Apesar da contemplação silenciosa e solitária da palavra escrita ser tão familiar para nós, nem sempre foi este o caso.
Partimos da tradição oral — por exemplo, a cultura inca peruana conquistou e governou um poderoso império sem o apoio da escrita (tinham um sistema de mensagens através de nós em cordas ou quipus).
Já na Europa, no início da Idade Média, ler era um acto público — falado dentro da comunidade. Lia-se na missa, e a palavra era associada à voz de Deus. Santo Agostinho registou nas suas Confissões que, chegando a Milão no sec. IV, observou as práticas de leitura de Ambrósio, o Bispo da cidade na altura. Para o desânimo de Agostinho, Ambrósio lia sem fazer barulho. Apesar dos seus olhos seguirem o texto, a sua voz e língua estavam em silêncio. Santo Agostinho presumiu que Ambrósio estaria a preservar a sua voz, que era usada frequentemente e estaria rouca.
O hábito seria os leitores monásticos seguirem o texto tanto com os olhos como com os lábios, pronunciando ou murmurando o som da palavra à medida que prosseguiam. Os sons que chegavam eram conhecidos como voces paginarum, as “vozes das páginas”. Quanto mais liam, mais se enchiam as suas cabeças de coros dessas vozes.
Com a industrialização da prensa, esta voz foi-se perdendo e foi entrando o silêncio da linguagem escrita com a nossa habituação à palavra escrita. O leitor de hoje em dia, acostumado a pensar no som como um fenómeno puramente físico, é inclinado a ver estas vozes como frutos da imaginação. Claro, elas não existem mesmo. O que existe são as imagens do som da voz — a sua substância física — e o seu ideal na mente. É interessante pensar que esta divisão entre a materialidade do som — a sua substância física — e a sua representação ideal, são construções modernas muito bem definidas por Saussure.
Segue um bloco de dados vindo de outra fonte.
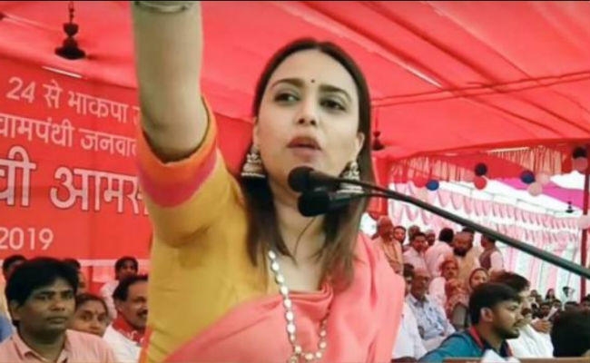 बॉलीवुड अभिनेत्री स्वरा भास्कर इनदिनों बिहार के बेगूसराय में हैं. वे यहां भाकपा उम्मीदवार कन्हैया कुमार के लिए चुनाव प्रचार करने पहुंची हैं. स्वरा भास्कर पहली बार चुनावी मंच पर भाषण देते हुए नजर आ रही हैं. अभिनेत्री ने अपने सोशल मीडिया पर कन्हैया कुमार के सपोर्ट में चुनावी रैली के दौरान भाषण देते हुए एक वीडियो शेयर किया है. इस वीडियो में स्वरा भास्कर पूरे जोश के साथ जनसभा को संबोधित करती नजर आ रही हैं.

A questão seria: será que o clérigo medieval ao seguir as escrituras na página, seguindo com os seus olhos e murmurando ao mesmo tempo, não estaria a sua mente igualmente inundada de vozes se as palavras lhe tivessem sido lidas?
No entanto, ele só ouve as palavras porque já as ouviu antes — cantadas ou faladas — e essa reiteração deixou marcas na consciência aural e muscular. Ler, então, não seria apenas ouvir, mas lembrar. Se a escrita fala, fá-lo com as vozes do passado, as quais o leitor ouve como se existisse no meio delas.
Bibliografia:
INGOLD, Tim - Lines: A Brief History. Milton Park, 2007.